Information provided ::
■ ■ ■ ■

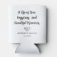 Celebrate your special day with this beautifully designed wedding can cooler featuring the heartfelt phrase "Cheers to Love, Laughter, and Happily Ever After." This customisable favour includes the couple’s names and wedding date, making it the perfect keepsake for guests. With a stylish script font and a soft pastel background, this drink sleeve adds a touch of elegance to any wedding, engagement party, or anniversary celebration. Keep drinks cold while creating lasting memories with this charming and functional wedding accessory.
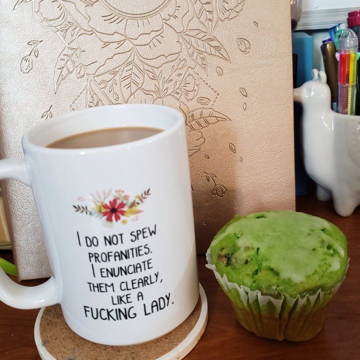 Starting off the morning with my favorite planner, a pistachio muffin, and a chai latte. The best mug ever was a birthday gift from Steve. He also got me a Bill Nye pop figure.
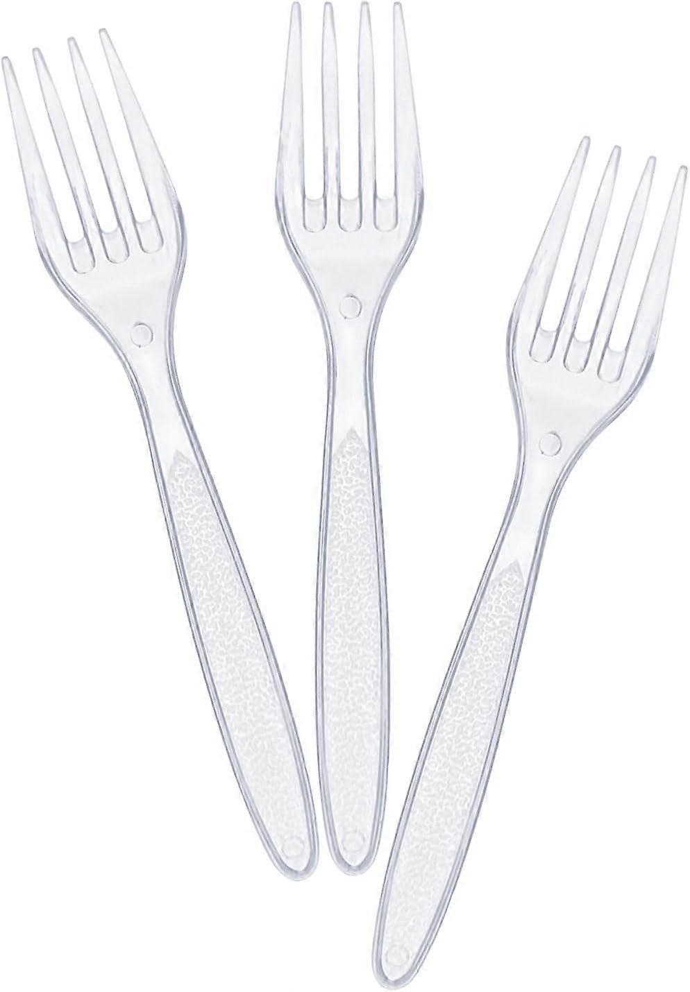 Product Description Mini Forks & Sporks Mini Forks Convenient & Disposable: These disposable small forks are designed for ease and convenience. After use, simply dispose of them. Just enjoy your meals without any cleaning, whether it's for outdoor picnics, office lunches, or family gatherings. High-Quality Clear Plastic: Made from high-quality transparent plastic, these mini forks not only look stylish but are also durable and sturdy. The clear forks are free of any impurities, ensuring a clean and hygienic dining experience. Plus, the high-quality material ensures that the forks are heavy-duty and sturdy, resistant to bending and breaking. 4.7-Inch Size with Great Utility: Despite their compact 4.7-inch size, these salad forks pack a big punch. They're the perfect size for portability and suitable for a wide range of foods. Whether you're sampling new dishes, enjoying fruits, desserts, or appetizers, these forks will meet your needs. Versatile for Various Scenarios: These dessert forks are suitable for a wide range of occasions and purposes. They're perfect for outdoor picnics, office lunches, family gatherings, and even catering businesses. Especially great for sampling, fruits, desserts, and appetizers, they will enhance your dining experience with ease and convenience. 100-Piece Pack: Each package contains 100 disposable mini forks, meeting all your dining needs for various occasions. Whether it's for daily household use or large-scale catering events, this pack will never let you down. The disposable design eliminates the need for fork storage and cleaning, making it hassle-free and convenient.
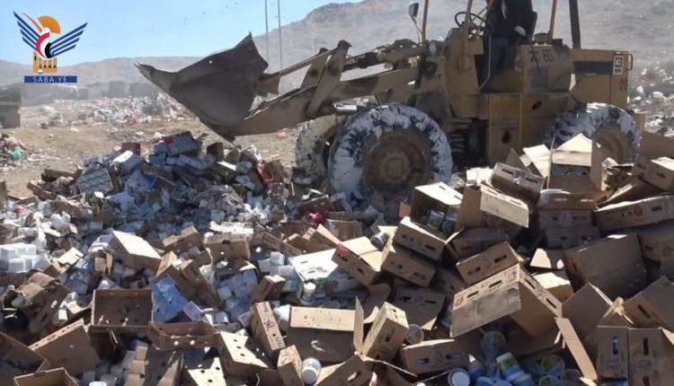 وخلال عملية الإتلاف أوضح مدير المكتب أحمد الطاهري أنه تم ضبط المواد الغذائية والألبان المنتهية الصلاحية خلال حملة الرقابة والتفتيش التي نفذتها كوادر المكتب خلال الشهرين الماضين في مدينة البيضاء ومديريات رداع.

■ ■ ■ ■

Exercise directions :: Start at the first line and set down all of the data exactly, passing over the pictures.

Solution for this problem ::
 Celebrate your special day with this beautifully designed wedding can cooler featuring the heartfelt phrase "Cheers to Love, Laughter, and Happily Ever After." This customisable favour includes the couple’s names and wedding date, making it the perfect keepsake for guests. With a stylish script font and a soft pastel background, this drink sleeve adds a touch of elegance to any wedding, engagement party, or anniversary celebration. Keep drinks cold while creating lasting memories with this charming and functional wedding accessory.
 Starting off the morning with my favorite planner, a pistachio muffin, and a chai latte. The best mug ever was a birthday gift from Steve. He also got me a Bill Nye pop figure.
 Product Description Mini Forks & Sporks Mini Forks Convenient & Disposable: These disposable small forks are designed for ease and convenience. After use, simply dispose of them. Just enjoy your meals without any cleaning, whether it's for outdoor picnics, office lunches, or family gatherings. High-Quality Clear Plastic: Made from high-quality transparent plastic, these mini forks not only look stylish but are also durable and sturdy. The clear forks are free of any impurities, ensuring a clean and hygienic dining experience. Plus, the high-quality material ensures that the forks are heavy-duty and sturdy, resistant to bending and breaking. 4.7-Inch Size with Great Utility: Despite their compact 4.7-inch size, these salad forks pack a big punch. They're the perfect size for portability and suitable for a wide range of foods. Whether you're sampling new dishes, enjoying fruits, desserts, or appetizers, these forks will meet your needs. Versatile for Various Scenarios: These dessert forks are suitable for a wide range of occasions and purposes. They're perfect for outdoor picnics, office lunches, family gatherings, and even catering businesses. Especially great for sampling, fruits, desserts, and appetizers, they will enhance your dining experience with ease and convenience. 100-Piece Pack: Each package contains 100 disposable mini forks, meeting all your dining needs for various occasions. Whether it's for daily household use or large-scale catering events, this pack will never let you down. The disposable design eliminates the need for fork storage and cleaning, making it hassle-free and convenient.
 وخلال عملية الإتلاف أوضح مدير المكتب أحمد الطاهري أنه تم ضبط المواد الغذائية والألبان المنتهية الصلاحية خلال حملة الرقابة والتفتيش التي نفذتها كوادر المكتب خلال الشهرين الماضين في مدينة البيضاء ومديريات رداع.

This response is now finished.